Вытерев руку и посмотрев на полотенце, он прихватил его с собой. Вернулся в комнату, она нависала над тазиком и молчала.
- Ты как? - спросил он.
- Плохо, отстань, - почти трезвым голосом ответила она.
Так продолжалось несколько секунд, возможно, прошла целая минута, прежде чем она пошевелилась и, приподнявшись, отползла назад от края дивана, попросила его:
- Принеси воды, я умоюсь.
Он повесил полотенце ей на шею и, уже в который раз, вышел в кухню. Питьевое ведро и стеклянный кувшин были пусты, Виктор почему-то выбрал ведро и, взяв его, вышел наружу. Обойдя домик, он очутился у его тыльной стороны, там, где стояла бочка с водой и качок. Зачерпнув ковшиком воды из бочки, он вылил её в трубу, начал качать.
Вода долго не поднималась на поверхность, но вот небольшая порция плюхнулась на деревянный настил, специально вымощенный вокруг качка, чтобы вода не размывала грунт, и затем потекла тонкой струйкой. Он подставил ведро и продолжил качать, вода побежала энергичней, а струйка превратилась в мощную струю.

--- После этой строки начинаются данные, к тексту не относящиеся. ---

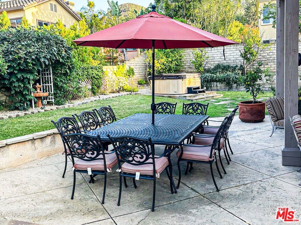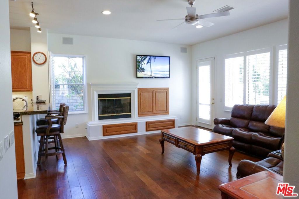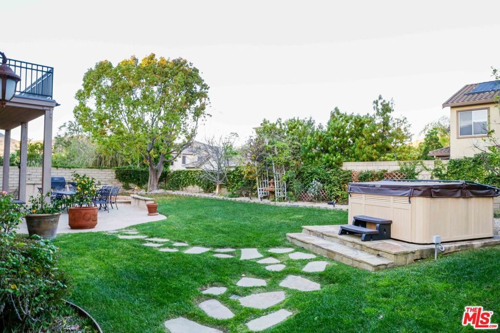 Nestled within the highly desirable Dos Vientos community of Newbury Park, this beautifully maintained residence offers a rare opportunity to own a home that seamlessly combines spacious living, flexible design, and exceptional outdoor lifestyle amenities. Set on a larger, highly usable lot an increasingly scarce feature within the community the property delivers a unique balance of comfort, functionality, and outdoor enjoyment.The residence offers approximately 3,457 square feet of living space, featuring 4 bedrooms, 3 bathrooms, and a versatile den/office that can function as a fifth bedroom, providing flexibility for a variety of lifestyle needs. Brand new forced air heating and central air conditioning units (dual system) have recently been installed, providing added peace of mind and long-term value for the new owner.Inside, the home features rich Hickory wood flooring and thoughtfully designed built-in elements throughout. The lower level has been freshly repainted in a clean white palette, creating a bright and contemporary atmosphere that enhances natural light. Large windows throughout, dressed with custom plantation shutters, contribute to an open and airy environment while providing privacy and light control in every room.The layout offers a seamless flow between the kitchen, dining, and living areas, enhancing both everyday living and entertaining. The kitchen includes granite countertops, built-in appliances, generous cabinetry, a walk-in pantry, and a spacious center island, opening to the family room with fireplace and built-ins.Upstairs, the primary suite offers a private retreat with a coffered ceiling, abundant natural light, and direct access to a private balcony. The suite includes a walk-in closet with custom cabinetry, along with a spacious bath featuring dual vanities, a walk-in shower with seating, and an independent spa tub. Additional bedrooms also include custom closet cabinetry. A spacious upstairs bonus area with built-ins provides flexibility for a home office, media room, or additional living space. A dedicated laundry room with cabinetry, counter space, and utility sink adds convenience.Outdoor living is where this property truly distinguishes itself. The backyard offers multiple well-defined spaces for entertaining and everyday enjoyment a feature not commonly found within the community. A covered patio provides an ideal setting for outdoor dining, complemented by a built-in BBQ, expansive seating areas, and a relaxing outdoor spa. The yard features a generous flat lawn, mature landscaping for added privacy, garden pathways, and additional space for recreation or quiet retreat. A side yard offers flexibility for a potential dog run or garden expansion, while citrus trees and curated greenery enhance the outdoor experience.Front and rear patios, along with elevated balconies, provide multiple vantage points to enjoy the surroundings. Automatic awnings on the front patio and rear balcony offer adjustable shade and year-round comfort. Additional highlights include a three-car garage with flexible potential for a home office, gym, or storage, an integrated sound system, and mature landscaping that enhances curb appeal.Located near parks, hiking trails, and highly regarded schools, this home presents an exceptional opportunity to enjoy spacious living and outdoor amenities in one of the Conejo Valley's most sought-after communities.
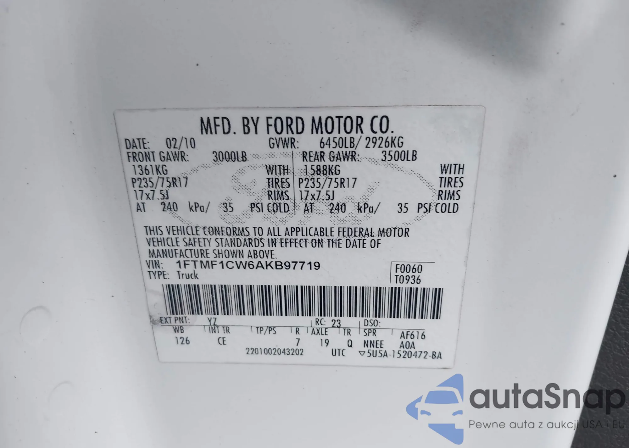 • VIN 1FTPW12V19FA61220
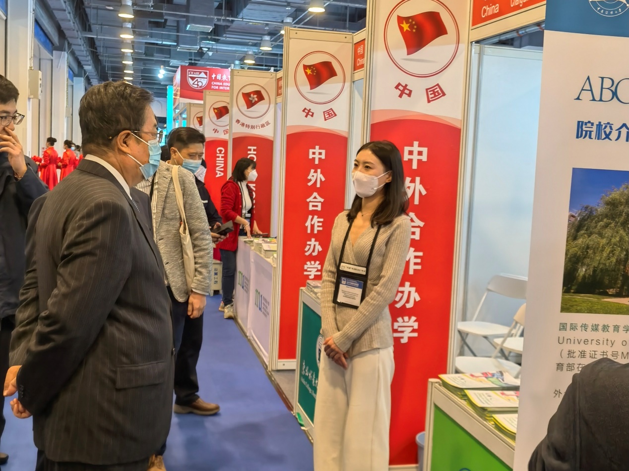 10月23日上午,展會正式開幕。劉利民、王永利一行蒞臨學院展位指導,交流詢問學院中外合作辦學情況,聽取了關于學院辦學特色、人才培養、國際交流等方面的介紹,對學院取得的辦學成果給予了充分肯定。

Набрав ведро до краёв, он отпустил ручку качка, нагнулся и взял душку в правую руку, собираясь отнести ведро в домик, но услышал приближающиеся шаги. Выпрямившись, Виктор увидел подошедшую Наташку. В руках она несла джинсы, её бёдра, начиная от талии, были обмотаны полотенцем, так, что выглядело это как мини-юбка, на ногах были босоножки, но пряжки не были застёгнуты.
Он выпрямился, оставив ведро в покое, а взял в руки ковшик и, зачерпнув из ведра, протянул его ей. Она бросила джинсы на маленькую переносную скамеечку, стоящую тут же у обреза деревянного настила, приняла ковшик двумя руками и, прежде чем набрать в рот воды, тоном, не предвещавшим ничего хорошего, спросила:
- Где трусики?
- Там, - так же кратко ответил он и махнул рукой в сторону домика.

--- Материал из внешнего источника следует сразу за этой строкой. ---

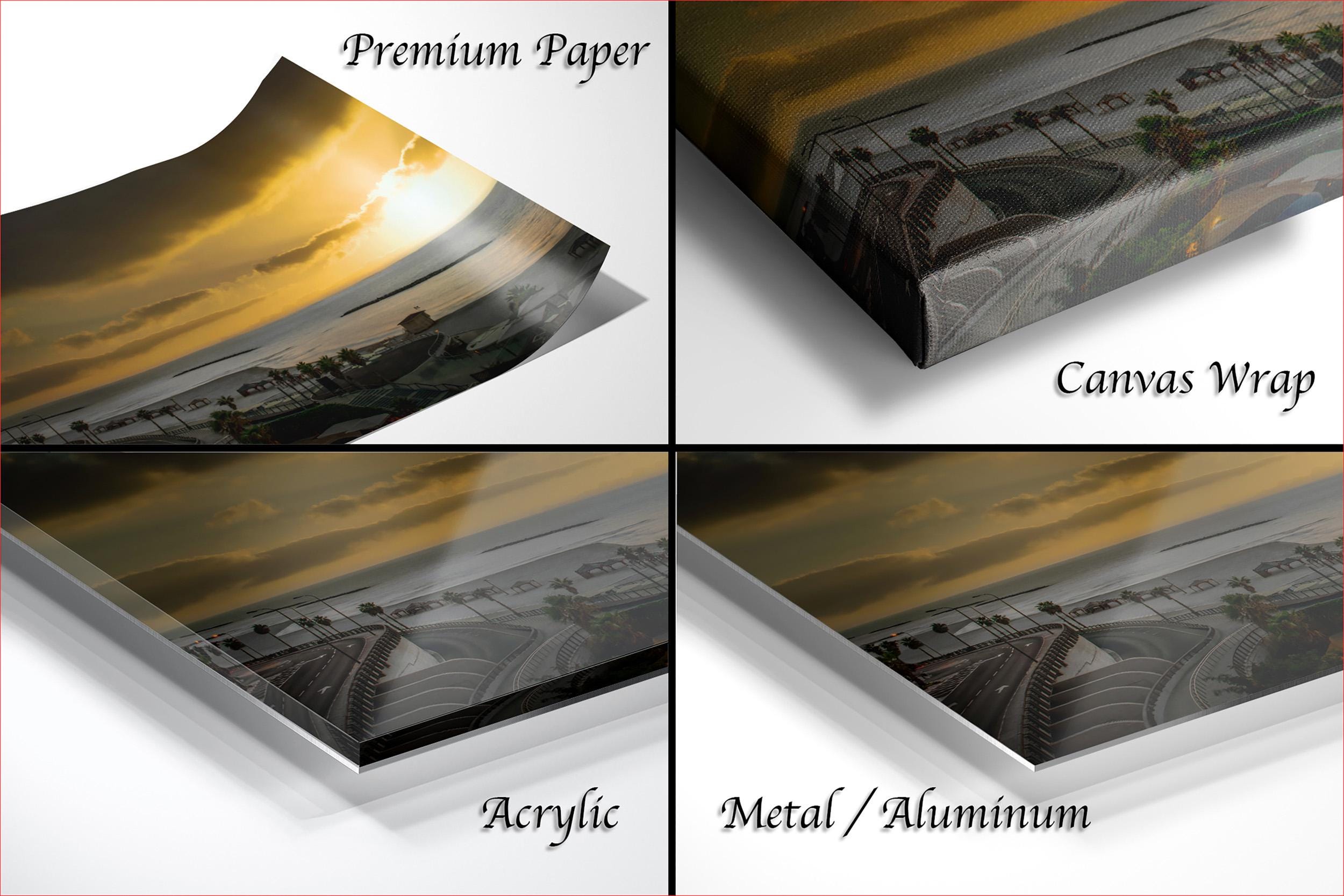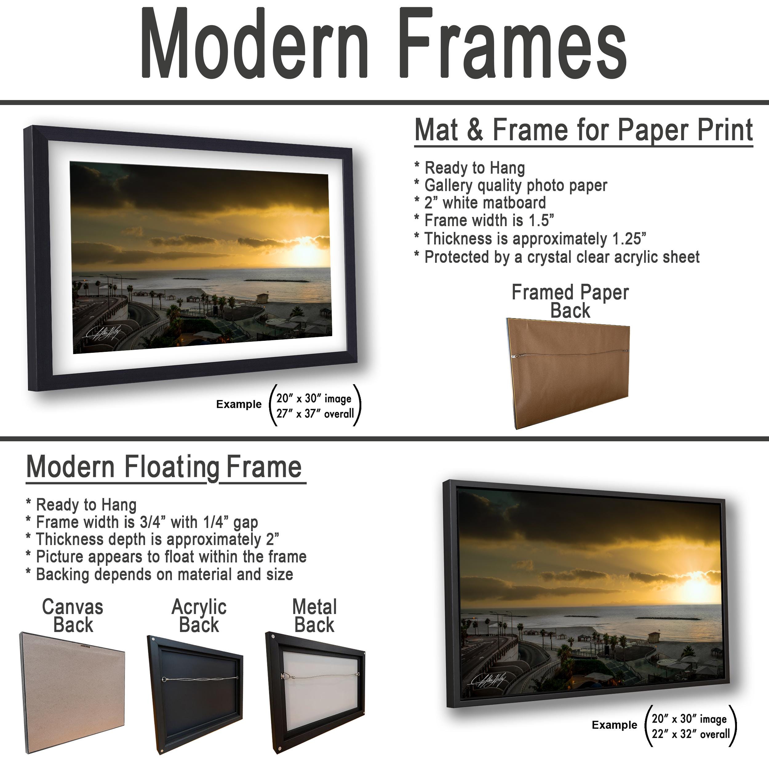 3.1) Only framed paper prints, acrylics and aluminum/metal prints will have a 2" white mat border. 3.2) Canvas prints will be a flush mounted (no mat border) to the frame.

- Иди и принеси, - приказала она и, сбросив обувь, ступила босыми ногами на мокрый деревянный настил.
- Сейчас, - произнёс Виктор и посторонился, пропуская её в центр настила.
Он перешагнул через скамейку и пошёл по дорожке вдоль домика. Удаляясь, слышал, как она полоскала водой рот и горло, а затем фыркнула пару раз.
"Умывается", - подумал он.
В домике раздавался пьяный храп. Виктор зашёл в комнату с диваном, запах кислятины уже начал оседать повсюду.
"Нужно убрать тазик", - подумал он, взглянув мельком в ту сторону.
Тазик стоял на том же месте, где он его и поставил. Скомканная простынь лежала на подушке, но не в головах, которые определил он сам, разбирая диван, а в ногах.
"Икала", - пронеслось у него в голове.
Он повторил поиски, перекладывая с места на место подушку и простынь, искомого предмета не было.
"Странно, - удивился он, - куда они запропастились?"
Запах начал доставать его, к тому же он слегка задел тазик.
"Нужно вынести его вон", - подумал он и поднял его.
Под ним лежали они, целые и невредимые, и на ощупь сухие. Он оставил в покое тазик и метнулся с ними наружу.
- Вот, - только и сказал он, наблюдая голые ягодицы.
Наталья, не стесняясь, продолжала своё дело. Она обмыла промежность и вытерлась полотенцем, затем повернулась к нему лицом, взяла из его рук своё нижнее бельё и со злостью бросила полотенце ему в лицо.
Осмотрев в лунном свете трусики, вывернула их как необходимо, чтобы не было изнанки, и не перепуталась лицевая сторона с задней, быстро одела и поправила уже на себе резинки, щёлкнув ими в районе ног.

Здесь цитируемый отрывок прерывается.